To solve the DTI problem, semi-supervised algorithms merged a sizable amount of unlabeled data with a small amount of labeled data. For supervised learning algorithms, positive and negative labels are necessary to classify known drug-target interactions and the remaining potential combinations [9, 12]. While DTI predictions are interesting, researchers are more curious about the drug-target binding affinity (DTA) [13, 14] which can reveal the intensity of a DT pair’s interaction. Therefore, predicting DTA can significantly increase the success of drug discovery by eliminating ineffective DT pairs with low binding affinity scores, thereby shrinking the search space. Based on the outcome of the prediction, these techniques can be broken down into either regression or binary classification.

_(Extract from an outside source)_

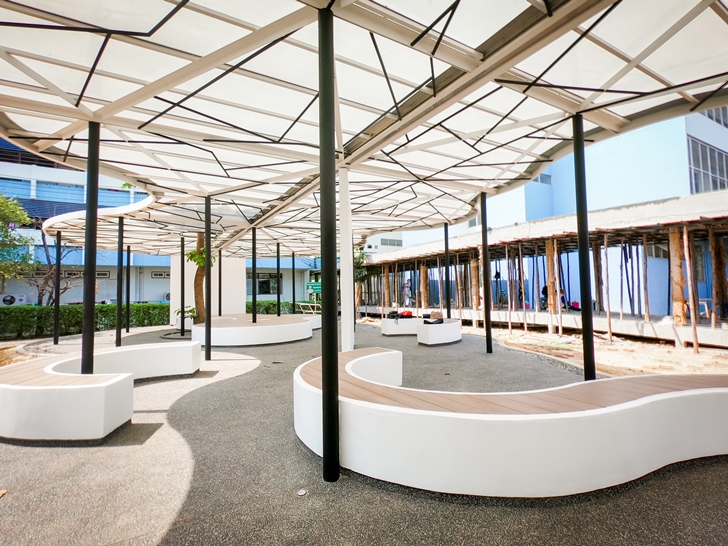 “โดยจุดเริ่มต้นการสร้างสรรค์ผลงานมาจากรายวิชาออกแบบ (Design) นักศึกษาทุกคนจะได้รับ Assignment เพิ่มโอกาสให้นักศึกษาได้มีส่วนร่วมในการพัฒนา ในโจทย์การแก้ Pain point เพิ่มสัดส่วน พื้นที่พักคอย รองรับสำหรับญาติผู้ป่วยในโรงพยาบาลพระยุพราชสระแก้ว แต่ยังคงบริบทความร่มรื่นเน้นธรรมชาติ โดยเบื้องต้นทางคณะฯ ได้พานักศึกษาลงสำรวจพื้นที่จริง เพื่อเก็บรายละเอียด วิเคราะห์จุดแข็งที่นำไปต่อยอดได้ และจุดอ่อนที่ควรพัฒนา เพื่อเป็นฐานข้อมูลเพิ่มศักยภาพในการออกแบบมากขึ้น ด้วยบริบทการออกแบบที่คำนึงถึงวิถีชีวิต เป็นศูนย์กลางในการออกแบบ ท่ามกลางสภาพแวดล้อมบนพื้นที่สีเขียว มีต้นไม้ บรรยากาศความร่มรื่น”

Over the past three decades, a wide range of strategies have been developed to predict DTIs, including those based on ligands and receptors [15, 16], as well as text mining [17], gene ontologies [18], and reverse virtual screening techniques (reverse docking) [19, 20, 21]. These methods all have flaws. Thus, improvements are continuously being made to them. However, receptor-based approaches do not always use docking simulation since it requires the 3D structures of the target proteins, which are not always available. The procedure is also expensive. However, because they rely on their DTI predictions on the similarity between potential ligands and the known ligands of the target proteins, ligand-based methods perform worse when there are fewer functioning target proteins. The main drawback of techniques based on gene ontologies and text mining is the data contained in the text itself.
Furthermore, it is not easy to find new insights because the text-mining approach only uses already gathered knowledge (i.e., published material). By using models that learn the characteristics of current medicines and their targets to anticipate novel DTIs, deep learning (DL), machine learning (ML), and artificial intelligence (AI), in general, can get beyond these restrictions. It is occasionally clear what would be strictly an ML approach and what would be an AI method, even if machine learning methods are only a subset of AI methods. This is especially evident when conventional machine learning methods combine search, network, and graph analysis methods. DL methods are easy to identify from shallow ML approaches since they are a subset of ML approaches based on modifying the original input data representation across several information processing layers.
Most studies [13, 14, 22, 23] have yet to frame the DTI prediction as a regression problem. Recently, deep learning has revolutionized machine learning by exceeding conventional techniques in numerous tests [24]. As an illustration, consider the NLP tasks like speech recognition [25], sentiment analysis [26], and text categorization [27]. Standard deep learning models like Convolutional Neural Networks (CNN) [28] and Recurrent Neural Networks (RNN) have significantly advanced in the field of drug development because of the recent growth of datasets for drug-target interactions and protein structural data [29, 30]. Predictions of the amino acid sequence type present a unique challenge to the already difficult task of modeling protein structures and functions. More and more people are turning to deep learning solutions in bioinformatics for tasks like analyzing protein-related data, and the results have been promising. For predicting the accurate drug-target binding affinities, we proposed a novel approach in this paper, an intelligent deep learning model named “Attention-based bidirectional long short-term memory (Att-BiLSTM) with convolution layer” (CNN-AttBiLSTM), which combines an attention-based BiLSTM with a convolution layer. To benefit from the high-level local feature representation acquired by the Convolution Neural Network, the proposed model leverages label encoding (CNN). The AttBiLSTM network accurately depicts the semantic relationship through long-term correlation. The proposed model is trained via label encoding, and the inputs for DP (i.e., drug and protein) are provided as sets of texts. These data are transmitted to two distinct CNN blocks, which evaluate the resulting substance and drug representations. The DP sequence is supplied with additional information to extract sentence features. Att-BiLSTM enables the collection of data across all forward- and backward-facing phrases and the comprehension of token sequence connections. The output of the AttBiLSTM layer is then transmitted to the dense layer, where it is modified with a sigmoid function to determine the affinity value.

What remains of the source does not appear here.